As museums continue to embrace digital tools to enhance their exhibits and visitor experiences, we’re grateful to take part in the never-ending dialogue and sharing of best practices around technology in the museum. How do we use technology effectively? How do we make sure that it complements the exhibit? And, sometimes most critically, can we afford it? We headed over to the deCordova Sculpture Park and Museum to take part in the Greater Boston Museum Educators Roundtable conversation on the topic.
The event kicked off with an introduction to Art in the Age of the Internet, a collaboration among arts organizations throughout Greater Boston, each of which will explore the topic in their own way, through exhibitions, performances, and lectures. Participating organizations include ICA Boston, MFA Boston, Isabella Stewart Gardner Museum, Berklee College of Music, Tufts University Art Gallery, and many more!
Attendees heard presentations from Ann Bible, Museum Educator and Lead Interpreter and Karina Mitchell, Manager of Adult Tours and Programs at Currier Museum of Art about their experiences incorporating iPads in an exhibit, while Max Metz, Manager of Durant-Kenrick House & Grounds of Historic Newton spoke about the many unique ways small museums can leverage technology! The key for small museums is to be able to implement technology cheaply, efficiently, and effectively.

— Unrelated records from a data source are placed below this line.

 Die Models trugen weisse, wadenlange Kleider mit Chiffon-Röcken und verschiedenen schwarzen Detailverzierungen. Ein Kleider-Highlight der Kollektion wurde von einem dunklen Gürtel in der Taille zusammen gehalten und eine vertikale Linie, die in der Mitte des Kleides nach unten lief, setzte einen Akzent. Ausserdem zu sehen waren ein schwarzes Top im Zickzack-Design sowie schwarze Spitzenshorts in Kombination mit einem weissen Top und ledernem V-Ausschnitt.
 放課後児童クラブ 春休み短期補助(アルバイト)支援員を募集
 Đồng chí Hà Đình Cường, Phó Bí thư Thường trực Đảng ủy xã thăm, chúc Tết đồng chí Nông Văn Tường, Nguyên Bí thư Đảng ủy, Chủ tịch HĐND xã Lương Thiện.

In line with the conversation on Museum Education in the Age of the Internet, The deCordova is currently featuring Screens: Virtual Materials, an exploration of the use of technology throughout our daily lives. While you may expect an exhibit like this to be filled with, well, screens and videos, the first part, showcasing works like Cube 48 Orange by Marta Chilindron and Out of Order: Bad Display by Penelope Umbrico, is an entirely analog experience that explores the physicality of screens in everyday life.

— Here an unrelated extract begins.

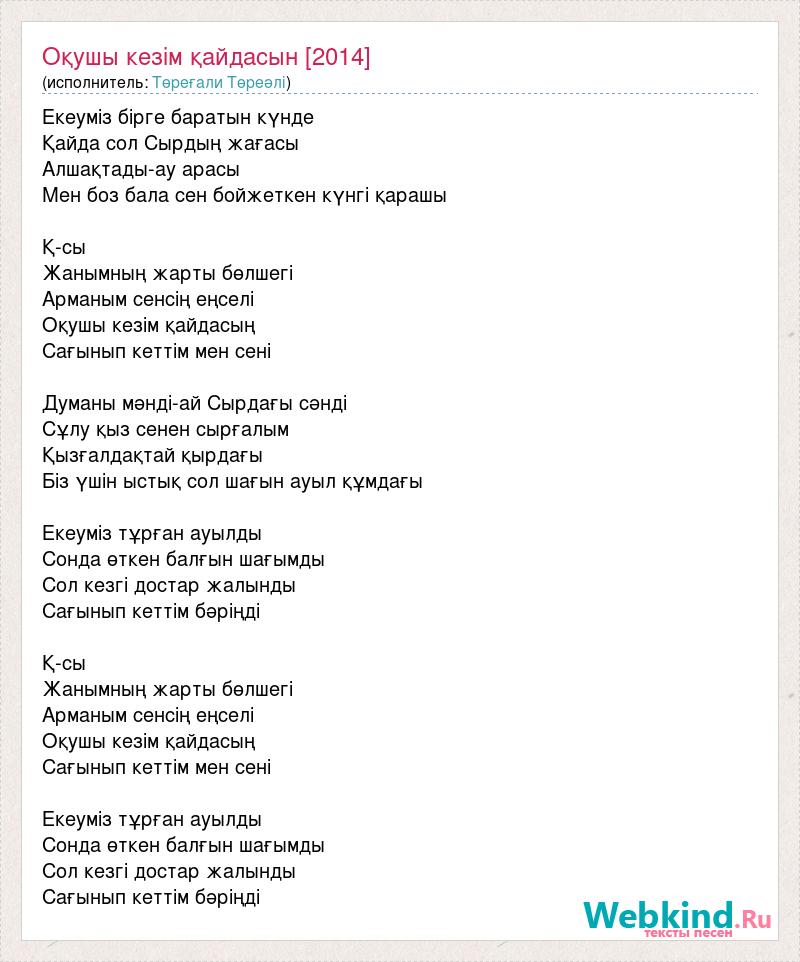 Екеуміз бірге баратын күнде Қайда сол Сырдың жағасы Алшақтады-ау арасы Мен боз бала сен бойжеткен күнгі қарашы Қ-сы Жанымның жарты бөлшегі Арманым сенсің еңселі Оқушы кезім қайдасың Сағынып кеттім мен сені Думаны мәнді-ай Сырдағы сәнді Сұлу қыз сенен сырғалым Қызғалдақтай қырдағы Біз үшін ыстық сол шағын ауыл құмдағы Екеуміз тұрған ауылды Сонда өткен балғын шағымды Сол кезгі достар жалынды Сағынып кеттім бәріңді Қ-сы Жанымның жарты бөлшегі Арманым сенсің еңселі Оқушы кезім қайдасың Сағынып кеттім мен сені Екеуміз тұрған ауылды Сонда өткен балғын шағымды Сол кезгі достар жалынды Сағынып кеттім бәріңді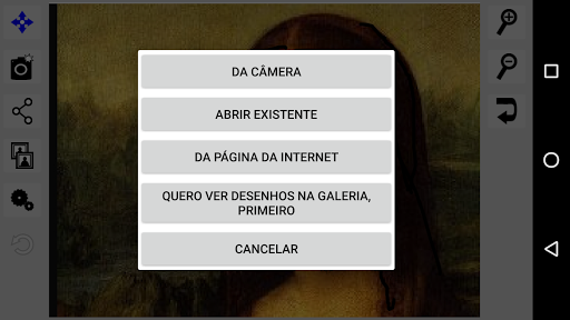 Tirar foto ou selecionar uma imagem. Você pode capturar e desenhar a si mesmo, seu amigo ou o seu amado animal de estimação.

“From glittering metal fences to deconstructed television monitors, the various types of screens shown here are unexpected and interactive, and invite new ways of considering this crucial boundary between our virtual and material worlds.”

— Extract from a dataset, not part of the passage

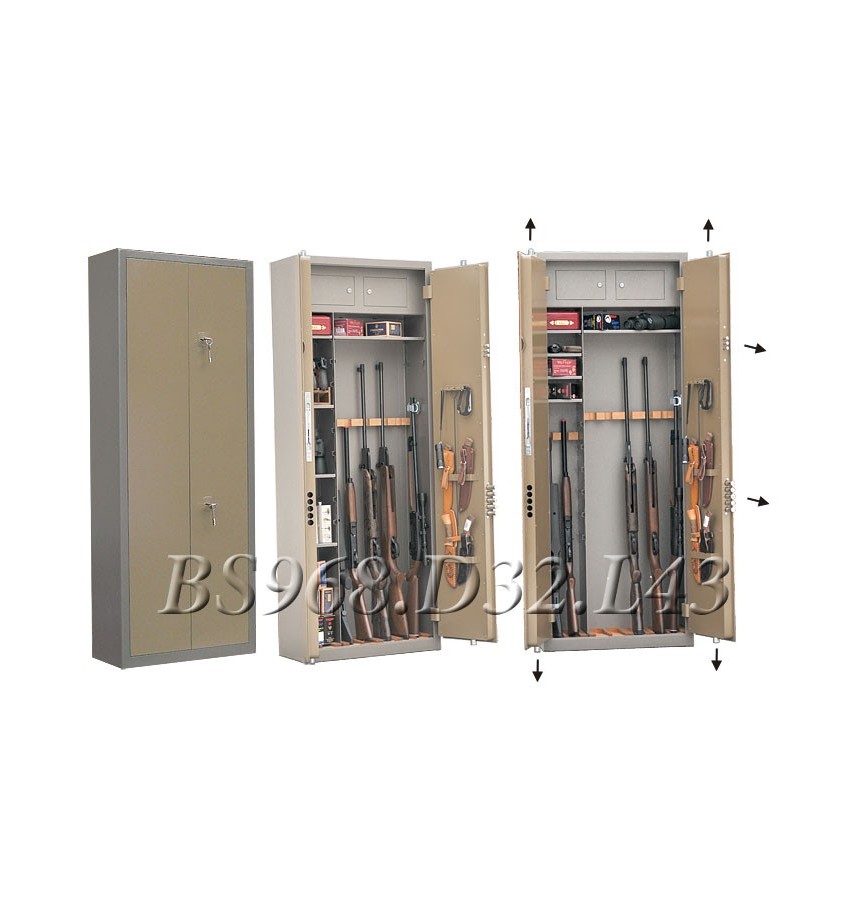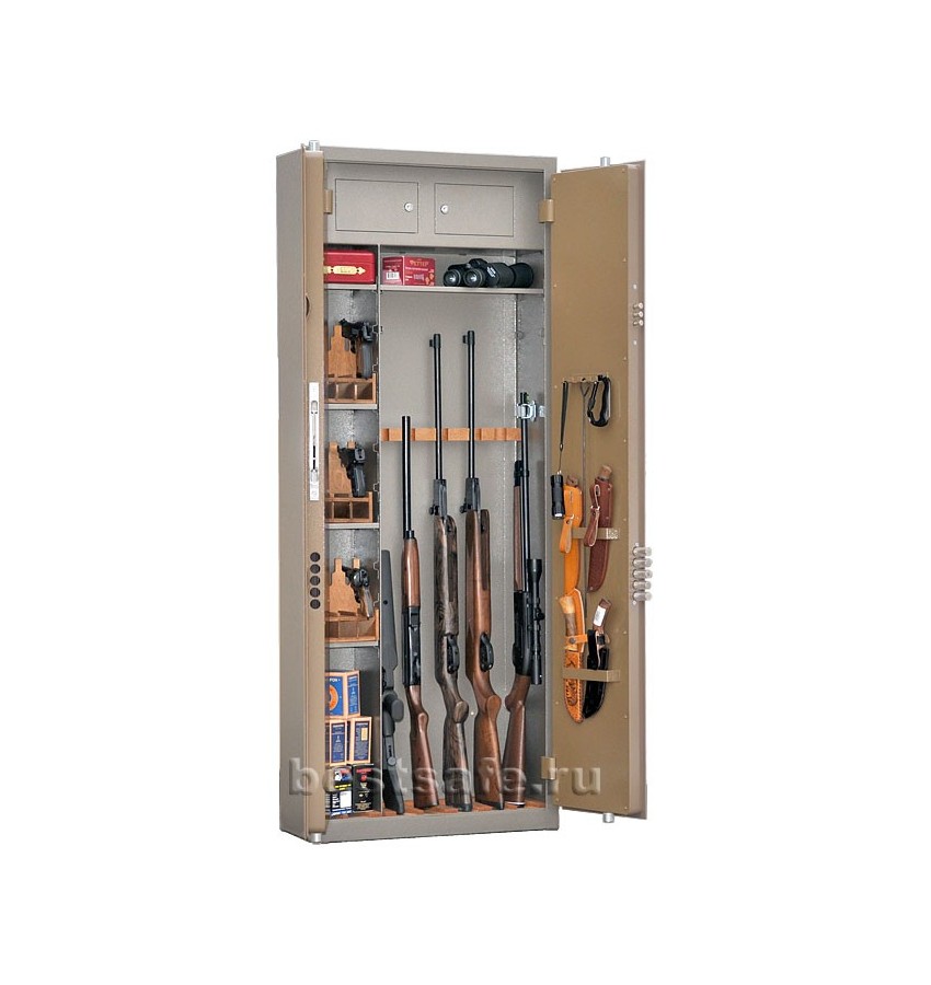 ОписаниеПолностью удовлетворяет требованиям МВД для физических и юридических лиц. Сейф имеет гигиенически безопасное износо- и коррозионно-устойчивое полимерно-порошковое покрытие на основе материалов производства Италии и Франции. Имеются покрытия различных цветов и структур: металлики, антики и д.р. Различные варианты цветового дизайна, например: корпус и двери имеют одинаковое покрытие, либо корпус и двери имеют покрытия разного цвета – выбирайте. Замок Сейф оборудован двумя сертифицированными ключевыми замками: пятиригельный замок 4-го класса!!! повышенной секретности (1,5 миллиона комбинаций) и взломостойкости плюс трёхригельный замок 3 класса. Замки произведены совместно с Cisa (Италия). Также сейф оборудован двумя вертикальными (на каждой двери) ригельными системами с запиранием по всем сторонам. Защита Изготовлен из стали толщиной 3 и 4 мм. Петли – внутренние из стали 6мм. Дверь сейфа имеет коробчатую конструкцию для дополнительного усиления. Внутреннее устройство Сейф имеет два внутренних запираемых (патронных) отделения и вертикальную перегородку, которая делит внутреннее пространства сейфа на две области. Внутри широкой области съёмная полка с регулируемой высотой установки, а также нижние и верхние фигурные ложементы на 6 стволов. Внутри узкой области четыре съёмные полки с регулируемой высотой установки, а также нижние и верхние ложементы на 2 ствола. Все ложементы - деревянные с отделкой искусственной кожей или бархатом различных цветов. По желанию заказчика возможна замена верхних деревянных ложементов на роликовые ложементы-зажимы производства Германии либо дополнительная комплектация такими ложементами (например для боковой фиксации оружия с оптикой). Внимание, роликовые ложементы приобретаются отдельно со скидкой. Ружья в сейфе можно хранить как в широкой, так и в узкой области. Сейф дополнительно может быть укомплектован пистолетными ложементами (деревянными либо пластиковыми). Внутренняя поверхность двери сейфа позволяет хранить на ней ножи, шомпола, связки ключей и т.п. Установка Предусмотрена возможность крепления сейфа к стене. По желанию заказчика возможна поставка в исполнении, предусматривающем также крепление и к полу. Модификации Высота хранимых стволов 1330 либо 1525мм., в зависимости от модификации - уточняйте это при заказе. Возможно изготовление модели с фасадом из стального листа толщиной 6мм, стоимость данной модификации выше на 20%. Существует также модель BS968.d32.L43.Lux, имеющая дополнительно полную внутреннюю мягкую отделку бархатом либо искусственной кожей различных цветов по нашему каталогу. Стоимость такой модели выше на 15%. Полная внутренняя мягкая отделка защищает Ваше оружие от контакта с металлом, царапин, повреждений и т.п. New! Поступила искусственная кожа, имитирующая кожу крокодилов, змей и т.п. Тоже различных цветов! По желанию заказчика сейф дополнительно может быть оборудован опломбирующими устройствами. По желанию заказчика возможно изменение размеров, толщины металла, внутреннего устройства и т.п. Имеются в продаже оригинальные антресоли к сейфам этой серии. При приобретении сейфа в комплекте с антресолью требуйте обязательную скидку. ДоставкаСтоимость доставки по Москве в пределах МКАД: при заказе от 20 000 рублей бесплатно, менее 20000 руб - 1200 рублей Доставка возможна

“Out of Order: Bad Display,” Penelope Umbrico
Technology will unquestionably keep evolving, and as we dive deeper into its function and place in our lives and societies, it’s important that we also keep passionately discussing the integral role it will continue to play in the overlapping spheres of art and education. Museums have always been places of learning, and the deCordova set the scene for an enlightening conversation about these timely topics!